Absrtact: The first stage: the size of the search engine's web crawl is to take the "size of all" strategy, that is, the Web page can be found in the link to be crawled into the URL, the mechanical will be the new crawl page of the URL extracted, this way although
The first stage: the size of all
Search engine Web Crawl is to take " Size-All "strategy, that is, the Web page can be found in the link to the crawl URL, mechanical will be newly crawled Web page in the URL extracted, this way although relatively old, but the effect is very good, this is why many webmaster response spider to visit, but did not include the reason, this is only the first stage.
Phase II: Web rating
The second stage is to grade the importance of the Web page, PageRank is a well-known link analysis algorithm, can be used to measure the importance of the Web page, it is natural that the webmaster can use the idea of PageRank to sort the URL, which is your passion for "hair outside the chain", according to a friend, in China " Hair outside the chain "this market has billions of dollars a year on the scale."
The purpose of the crawler is to download the Web page, but PageRank is a global algorithm, that is, when all the pages have been downloaded, the results are reliable.

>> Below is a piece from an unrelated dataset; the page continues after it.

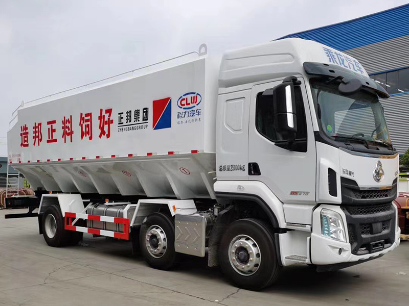 (4)料罐容積30-35方,4個(gè)獨(dú)立倉,實(shí)載:豬料 17-19噸,雞料19-21噸

For small and medium Web sites, if the server quality is not good, if in the crawl process, only to see part of the content, in the crawl phase is unable to obtain a reliable PageRank score.
Phase III: OCIP strategy
The OCIP strategy is more like the improvement of the PageRank algorithm. Before the algorithm starts, each page is given the same "cash", and whenever a page A is downloaded, a gives its "cash" average to the link page contained in the page, emptying its "cash". This is one of the reasons why the fewer links are exported, the higher the weight.

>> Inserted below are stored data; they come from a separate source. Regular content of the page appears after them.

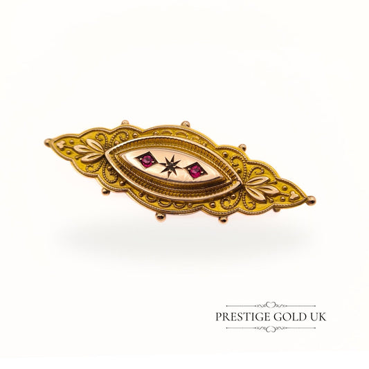 Antique 9ct Gold Rhodolite Garnet & Diamond Mourning Brooch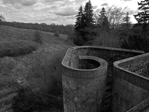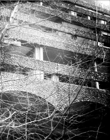 In the photograph St Peter’s Seminary (on the Artworks page), a figure squats low to the ground with another figure draped over her. Together they form a larger mass perched on slender anatomical supports similar to the way that the bulk of the main building was built atop stilts. They are located in the former refectory in the gap that existed between the seating area and a wall of windows. The air temperature in this formerly enclosed area would have been low due to its proximity to such large north-facing windows. The woman in the fore gazes out from what was an underdetermined space of the building. She would likely have been faced with her reflection if the glass were still in place, ensuring her knowledge of the second figure behind her. However, the glass is long gone and her reflection now appears in the rainwater-filled pool between herself and the viewer. Does she look in the direction of the former window in search of the displaced reflection, without an understanding of the building’s current state? Or might the reverse be true: does she turn away from the mirroring surface of the water? Is the second figure a burden being denied, or might the figure in the fore admire this configuration if she were able to locate her reflection?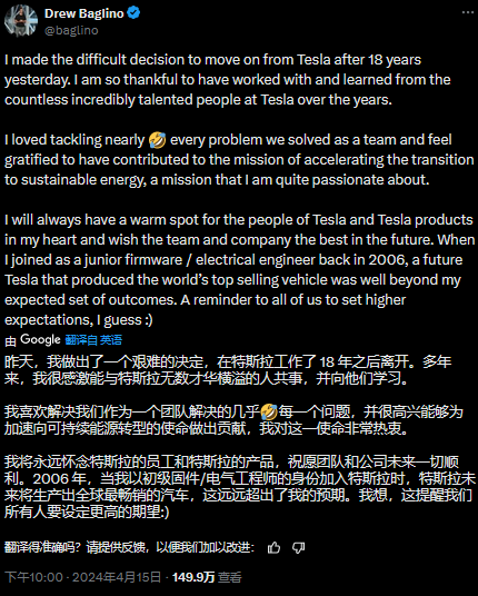 在X上,巴格里诺发布告别信息,马斯克也在下面回复“感谢你为特斯拉做的一切,几乎没有人如你般贡献大。”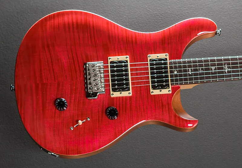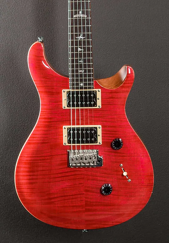 Бонни Пинк, верхняя дека из клена с фламированным шпоном клена, корпус из красного дерева, тонкая/широкая вырезанная кленовая шейка, грифовая накладка из палисандра радиусом 10 дюймов с инкрустацией в виде птиц, мензура 25 дюймов, ширина верхнего порожка 1 11/16 дюйма, звукосниматели 85/15 «S» в мостовой и грифовой позиции, 3-х позиционный переключатель с регулятором громкости и потенциометром тембра с функцией push/pull для раздельного включения катушек.» PRS запатентованное формованное тремоло и тюнеры, разработанные PRS, с чехлом для переноски

And for the Web page to be crawled, according to the amount of cash on hand to sort, priority to download the most abundant cash pages, Ocip is roughly the same as the PageRank idea, the difference is: PageRank each iteration to calculate, and ocip do not need, so the calculation speed is far faster than the PageRank, Suitable for real-time computing. This may be why a lot of Web pages will appear "seconds".

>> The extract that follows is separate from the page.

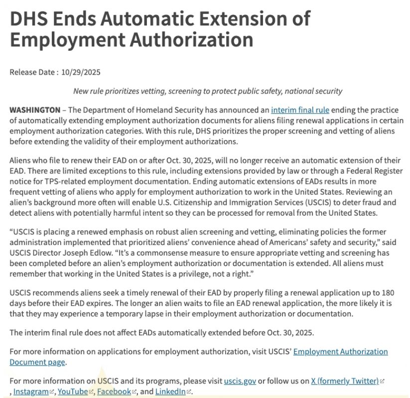 10月29日,美国国土安全部(DHS)宣布,自10月30日起终止EAD(就业授权文件)自动续期政策。

Stage four: The priority strategy of the station.
Big Station priority thinking is very direct, to the site as a unit to measure the importance of the Web page, for the URL to be crawled in the queue of pages, according to the site classification, if which site waiting to download the most pages, then priority to download these links. The essence of the idea is "a preference to download large Web site url". " Because large websites often contain more pages. In view of the large web site is often a famous station, the quality of its web page generally higher, so this idea is simple, but there is a certain basis.
Experiments show that the algorithm is simple and rough, but it can be used to collect high-quality Web pages, which is very effective. This is why many Web site content is reproduced, the major stations can be ranked in front of you one of the most important reasons.